If I adopt a mare or stallion, can I breed?Mares and stallions adopted through Forever Morgans are not adopted to be broodstock. FM does allow breeding on an extremely limited basis and only with prior approval from the FM Board. The adopter should intend to keep the resulting foal for life and the foal will have an FM contract. Speculative breeding (with the intention of selling the foal) is not allowed. The breeding policy is disclosed in the adoption contract; the key portion is this:
Finally, it is agreed that the horse is NOT to be bred without prior approval by Forever Morgans, and any purchaser of a foal resulting from an approved breeding will complete a copy of the Application and Agreement and shall be bound by the terms thereof. Furthermore, if an adopted mare is discovered after adoption to have already been in foal when adopted, said foal is subject to the same conditions as the dam.
What happens if I adopt and my situation changes?FM is committed to the horses we rescue for the rest of their lives. The adoption contract spells out the responsibilities for the adopter and FM. Horses are adopted with the hope and assumption that the adoption will be permanent, but we recognize that life changes sometimes mean that the adopter can no longer keep the horse. If this occurs, the adopter should contact FM as soon as possible so that we can help find a new home for the horse. The adoption contract includes a "right of first refusal" and FM can take possession of the horse if needed, but we will gladly work with the adopter if someone is interested in adopting the horse and is a suitable home. Any potential adopter does have to complete an adoption application with reference checks and must be approved by FM prior to taking custody of the horse.
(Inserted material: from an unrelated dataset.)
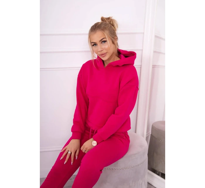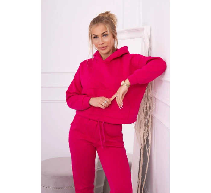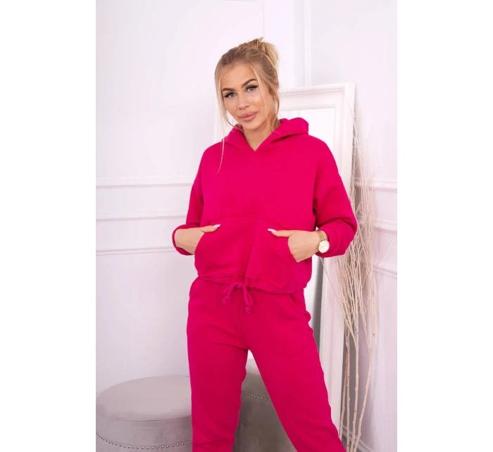 Fuchsiová oteplovací souprava s mikinou uvázanou dole

Can I sell my adopted horse?FM does not adopt horses with the intention of them being resold. If it would be in the horse's best interest to be with a new owner -- such as the horse has bonded with another person, or the adopter cannot meet the horse's special needs or abilities -- the adopter should contact FM as soon as possible to discuss the situation. The potential new owner must complete an adoption application and be approved by FM. The horse may not, under any circumstances, be sold at any type of auction horse broker, feed lot or slaughter destination.